After about 6 months, the site as a whole jumped in rankings. I have since done that with other sites and always got a boost.

I would say it is totally worth your time to do this.

ichthyous

11:37 pm on Aug 8, 2020 (gmt 0)

WebmasterWorld Senior Member 10+ Year Member Top Contributors Of The Month



I have a large number of older product pages where newer very similar items have replaced it. I didn't want to delete pages that had links coming in, so instead I am changing the canonical url on the old page to the newer page. I read that this should drop the old page from the index in favor of the new page and boost the new page by "merging" the two. I see no need to keep endless older pages for items nobody buys anymore. Has anyone else used the canonical approach?

widgetized

9:03 am on Aug 10, 2020 (gmt 0)

5+ Year Member Top Contributors Of The Month



@itchthyous unfortunately, I didn't take any decision yet. There are so many opposing viewpoints, and Google seems to be making a lot of updates lately, which would totally confuse me about what would be a consequence of my actions and what would just be their update.

What I can tell you is that I was planning to de-index only my products from the year 2010 to begin with, and then wait and see what would have happened. But the fact that some of those products are still attracting some sales, makes the decision very difficult.

I don't know what to do anymore.

Pjman

12:56 pm on Aug 10, 2020 (gmt 0)

10+ Year Member Top Contributors Of The Month



@ichthyous

I have used the canonical solution you have stated. I have had mixed success with it. If I have two highly related topics and canonical one to the other, it seems to give that page a boost.
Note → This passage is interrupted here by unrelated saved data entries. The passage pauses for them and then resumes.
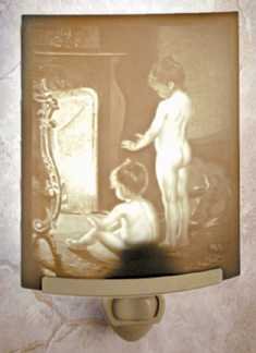 First invented in France in 1827, a LITHOPHANE ("Vision In Stone") is a porcelain engraving that virtually comes alive when illuminated from behind. The image is created by a panel of different thicknesses of translucent, kiln-fired porcelain. A breathtakingly detailed picture in warm sepia tones emarge when lit. These illuminated artworks are so detailed, that they are sometimes mistaken for photographs. THE DARK AREA AT THE BASE OF THE LITHOPHANE IS JUST A SHADOW IN THE PICTURE. IT DOES NOT SHOW WHEN BEING USED. We have Lithophanes in many products but the most popular Lithophane product is the plug-in Night Light. Our Night Lights are the perfect gift; reasonably priced & nicely gift boxed, including a history of the process and care literature. We have many designs available as night lights, in a variety of themes. Our exclusive clip mounting allows our Night Lights to be plugged into any electrical outlet, including outlets that are upside down.or if installed sideways be sure and tell us as it will require a flat panel. Most of our Night Lights are 3.5" wide by 4.5" tall.
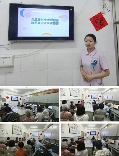 護(hù)士長(zhǎng)馬運(yùn)俠以播放癌痛科普視頻的方式,通過臨床疼痛案例深入淺出地將癌痛防治知識(shí)分享給大家,現(xiàn)場(chǎng)與患者進(jìn)行了“話療”,消除他們的緊張情緒,幫助他們樹立抗擊癌痛的信心,科學(xué)的防癌抗癌,受到患者及家屬的一致好評(píng)。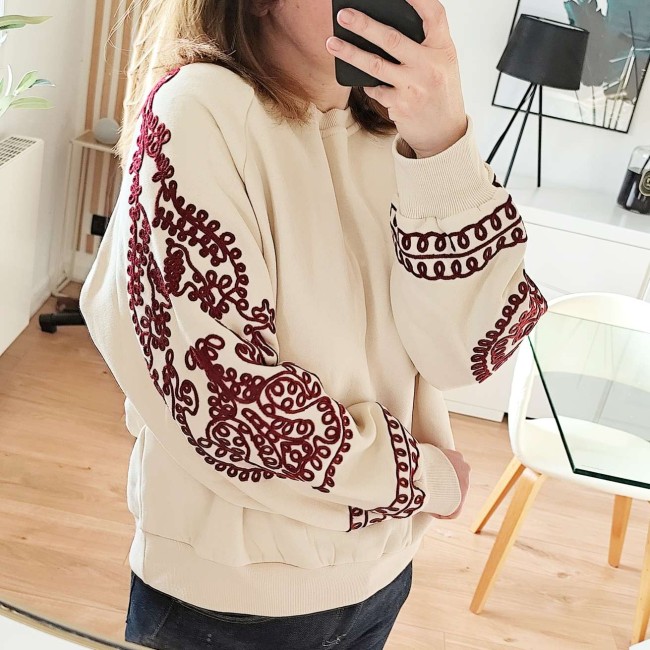 couleur beige avec détails brodés sur les manches de couleur bordeaux.

If the pages are loosely associated, I see limited boost, if any at all.

ichthyous

4:18 pm on Aug 10, 2020 (gmt 0)

WebmasterWorld Senior Member 10+ Year Member Top Contributors Of The Month



But the fact that some of those products are still attracting some sales, makes the decision very difficult.


I sometimes keep the old page and update the product, better than starting a new page. Otherwise, if the pages are similar I am adding the canonical url to the newer item. If you still have sales for those items I would update the pages with more text, not delete them.